> **Entries supplied**
☆ ☆ ☆ ☆

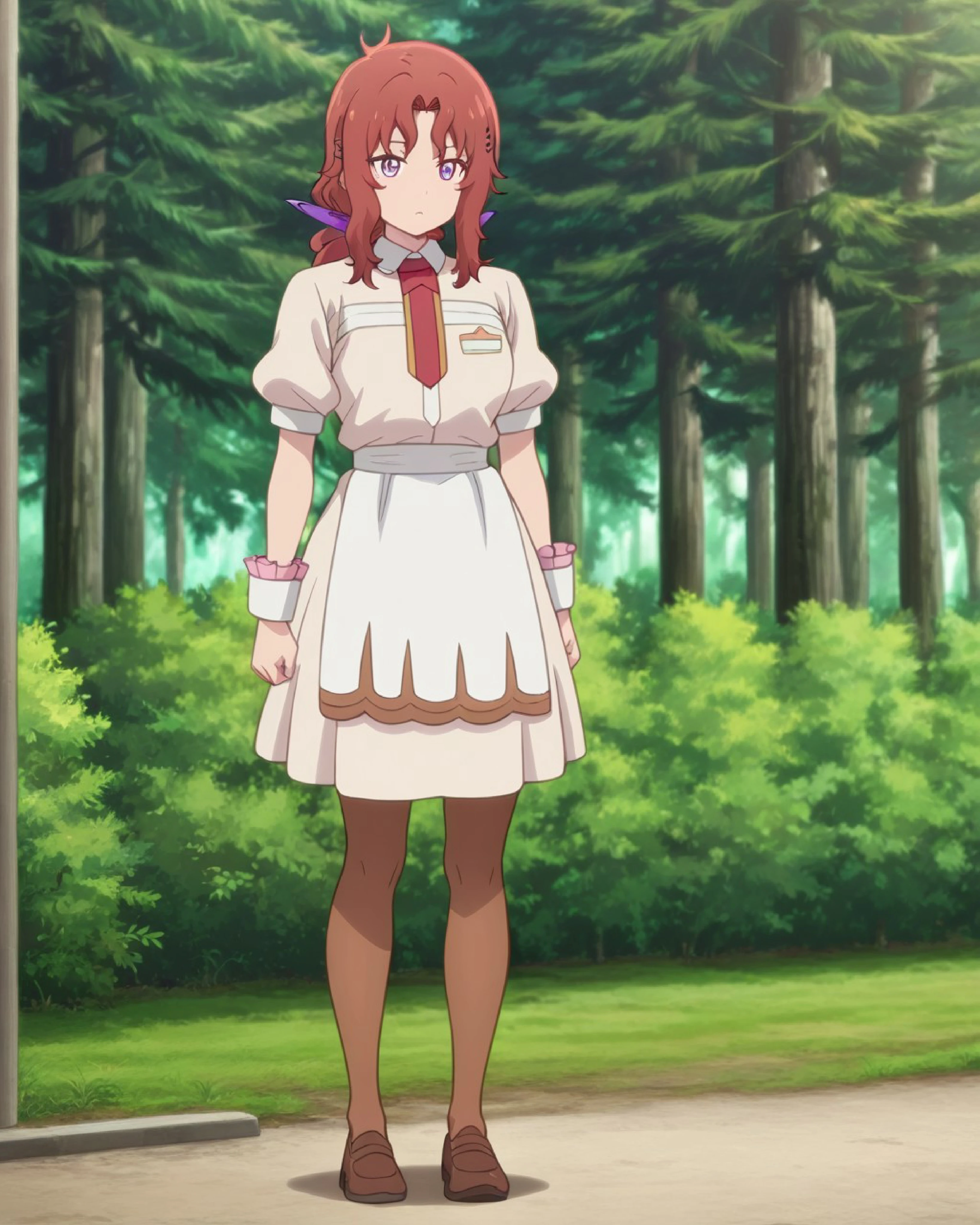 Selena, reddish brown hair, long hair, hair ornament, purple eyes, 1girl, solo
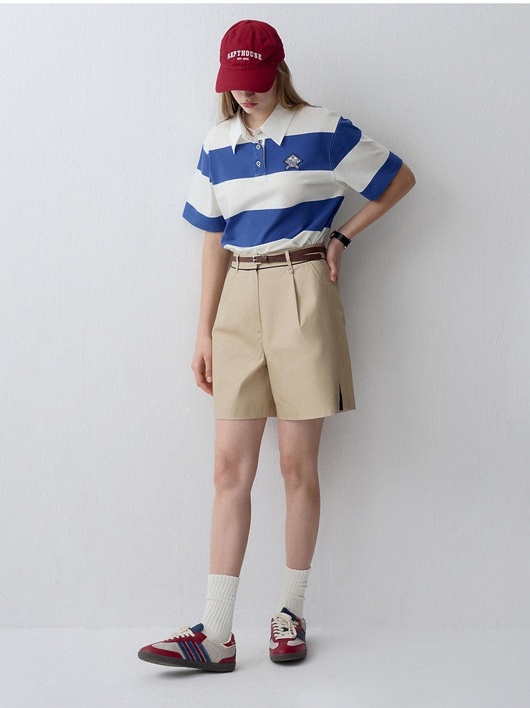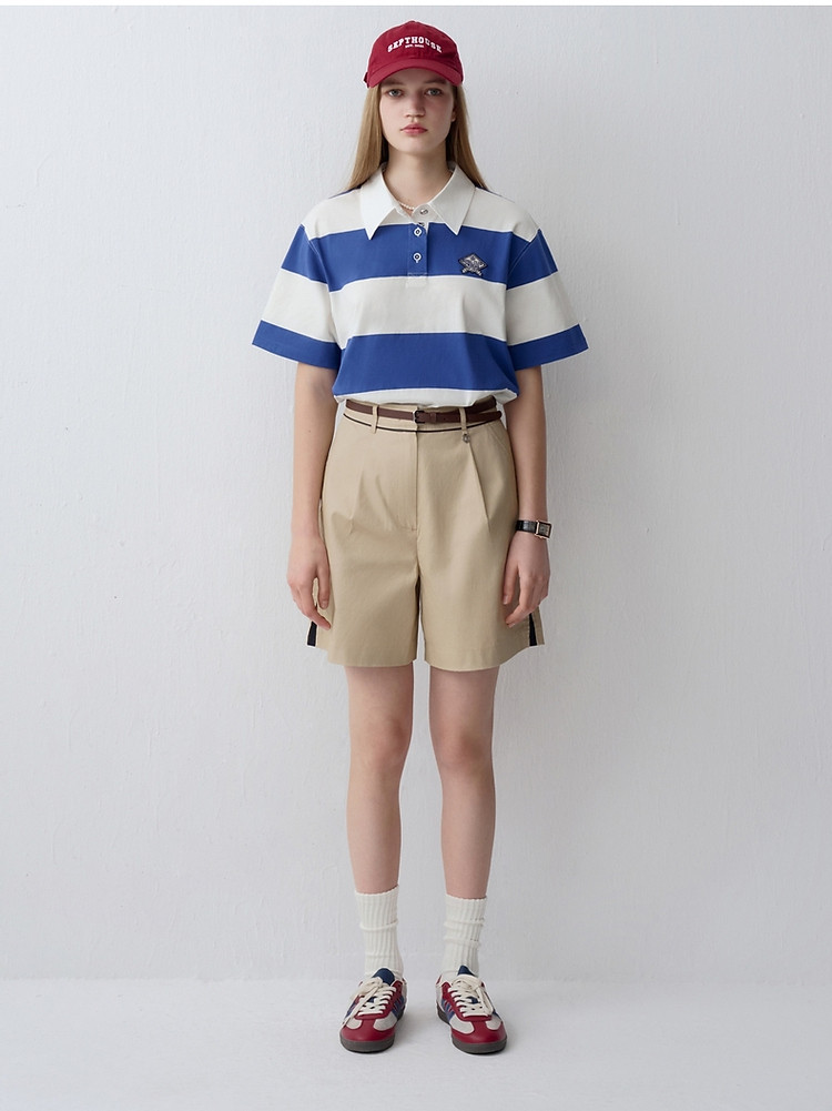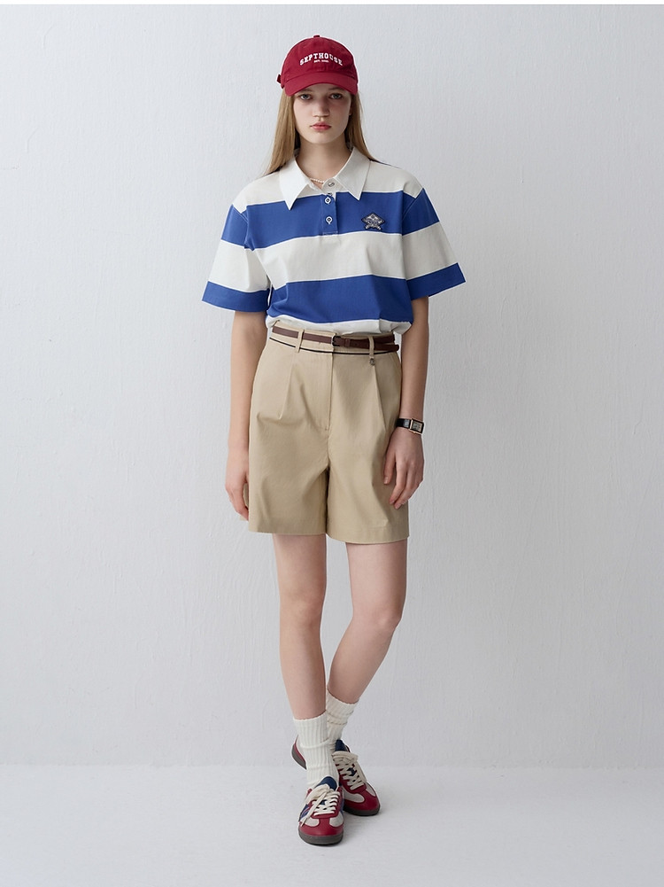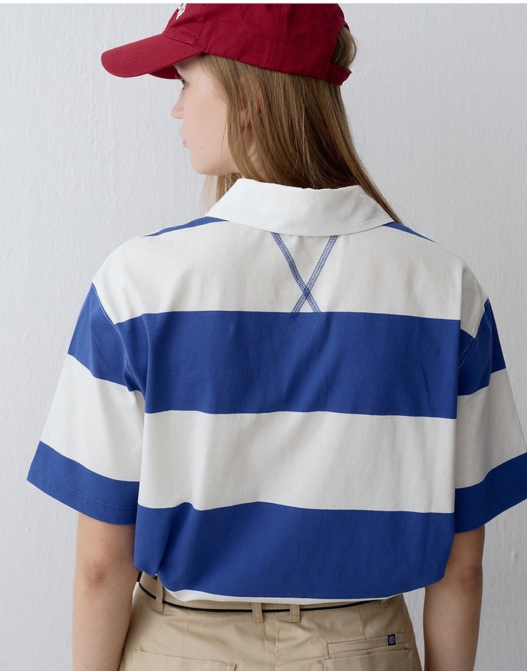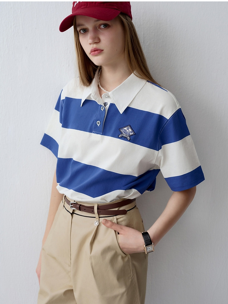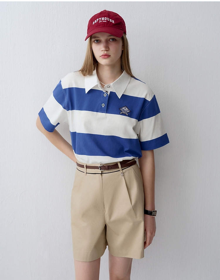 商品名称:小熊女装时尚宽条纹POLO衫学院风短袖T恤 716609
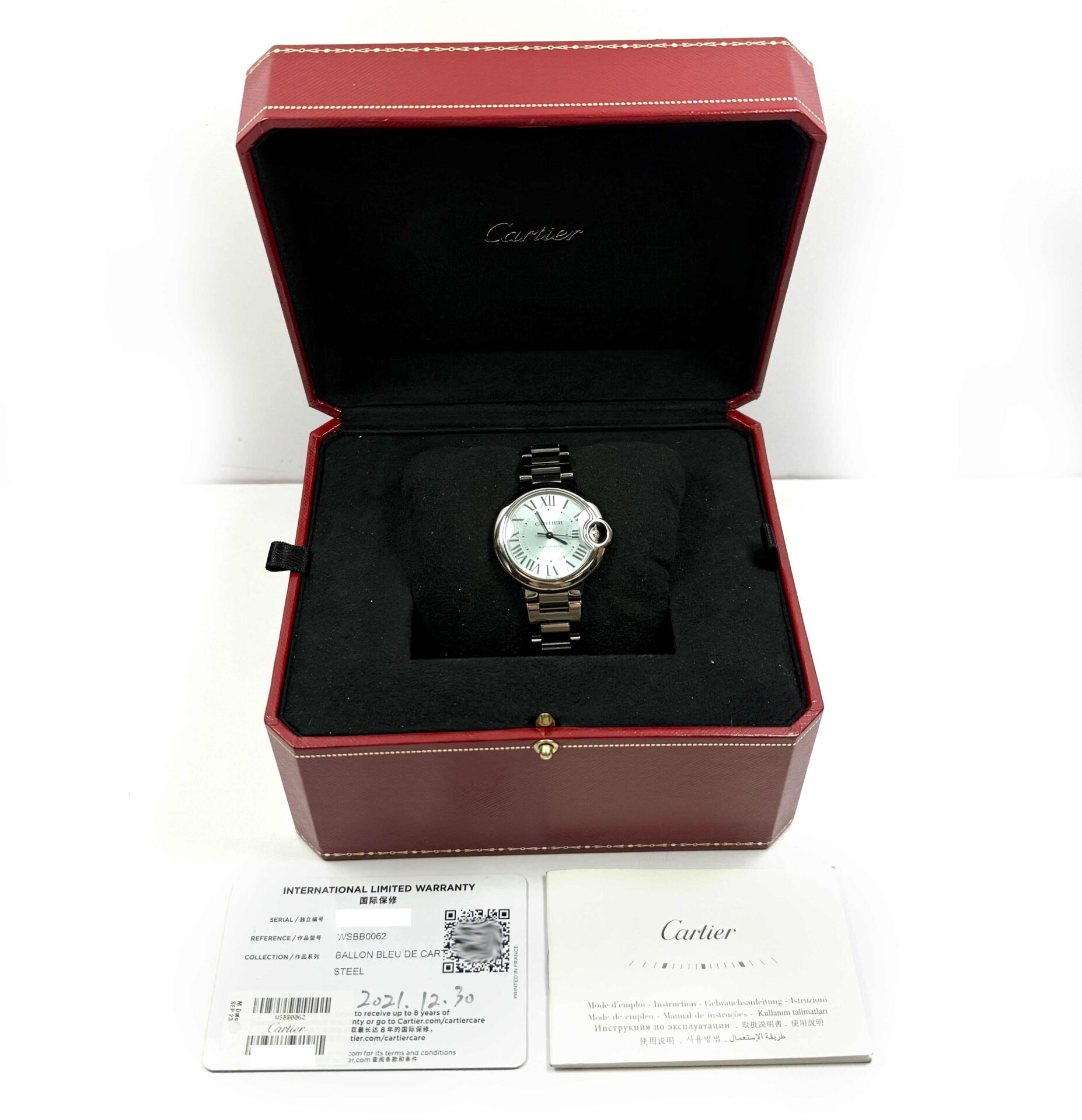 Read Morethis cartier watch is in excellent overall condition showing some light signs of wear on the case and bracelet consistent with preowned watches. This comes with its box, booklet, and warranty card dated december 30th, 2021 as shown in the pictures attached. This watch is in stock and available to ship immediately!
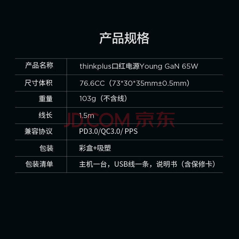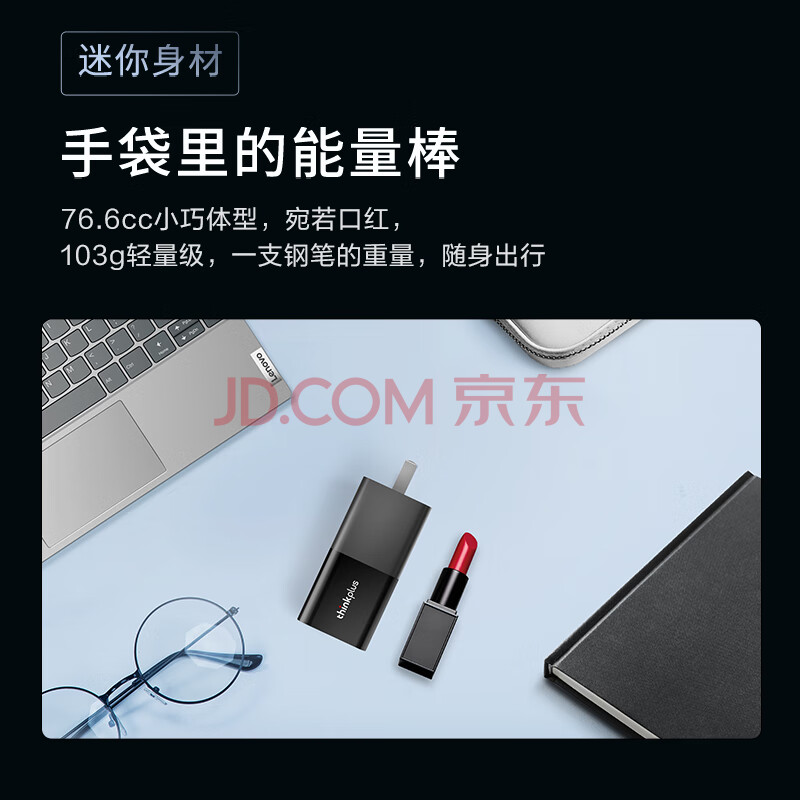 商品相册:ThinkPad联想thinkplus 65W氮化镓Type-c快充便携口红电源套装 苹果15手机笔记本电脑华为小米 黑第
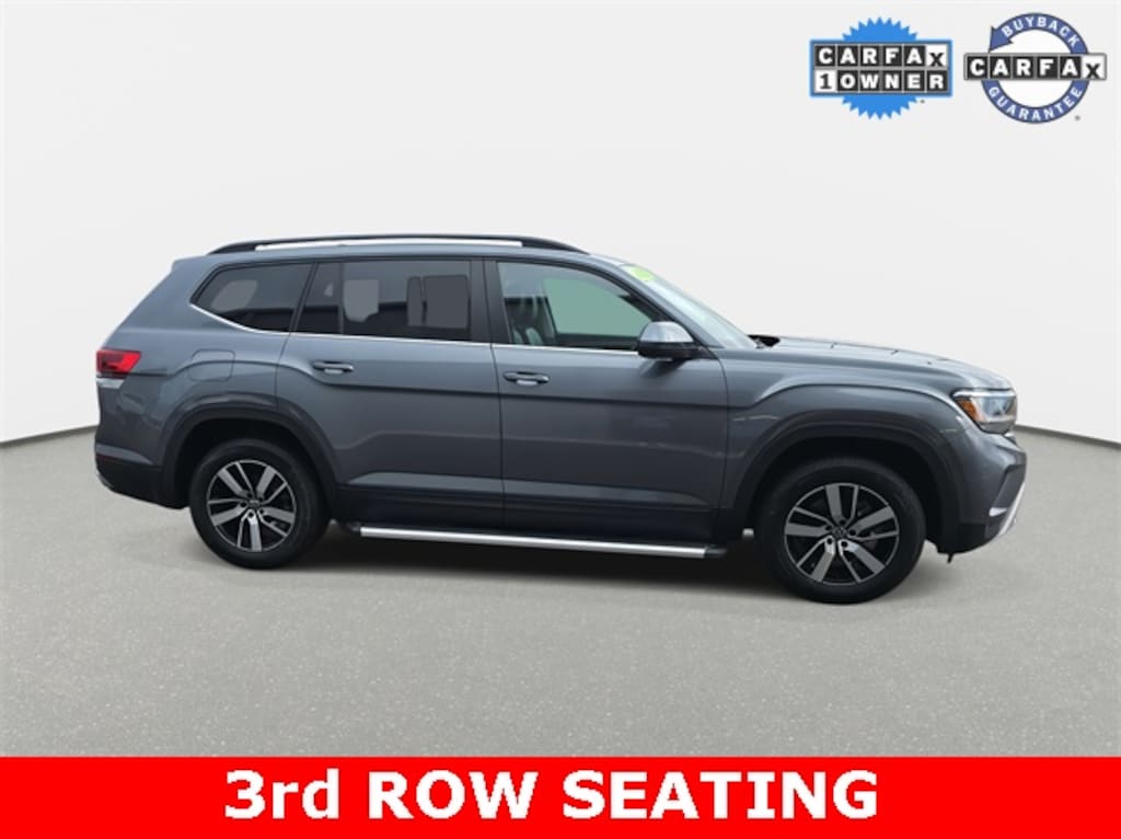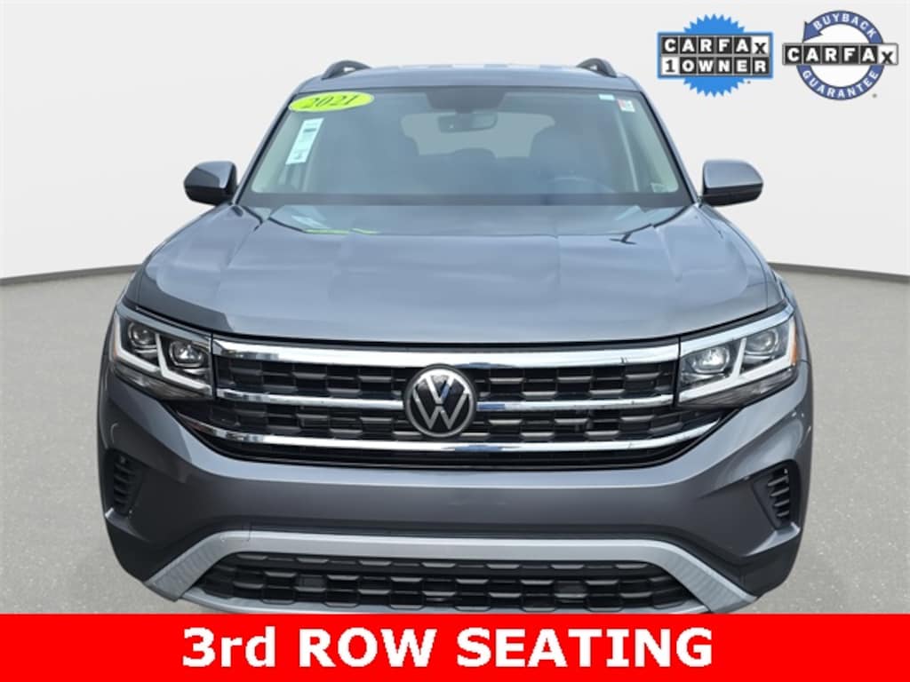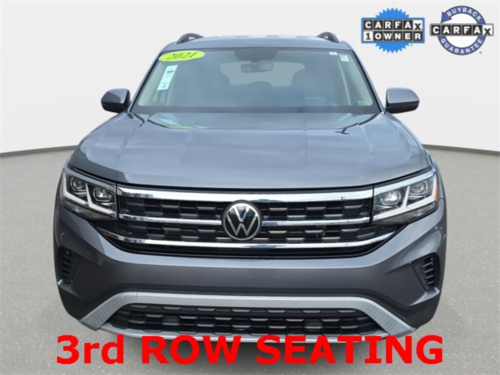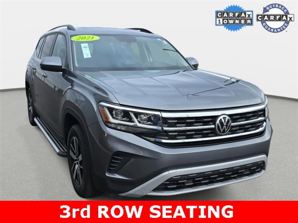 CARFAX One-Owner. Clean CARFAX. 2021 Volkswagen Atlas 2.0T SE Platinum Gray Metallic AWD 8-Speed Automatic with Tiptronic 2.0L TSI *RECENT TRADE IN*, *BACKUP CAMERA*, *APPLE CARPLAY/ANDROID AUTO*, *SIRIUS XM*, *ALL WHEEL DRIVE*, 3rd row seats: split-bench, Alloy wheels, Delay-off headlights, Exterior Parking Camera Rear, Fully automatic headlights, Heated Comfort Front Bucket Seats, Power Liftgate, Security system.

☆ ☆ ☆ ☆

> **What to work on**
Keep the pictures out and repeat exactly the lines from the beginning of the data through the line that contains "商品名称:小熊女装时尚宽条纹POLO衫学院风短袖T恤 716609", both ends included.

> **Exercise solution**
 Selena, reddish brown hair, long hair, hair ornament, purple eyes, 1girl, solo
 商品名称:小熊女装时尚宽条纹POLO衫学院风短袖T恤 716609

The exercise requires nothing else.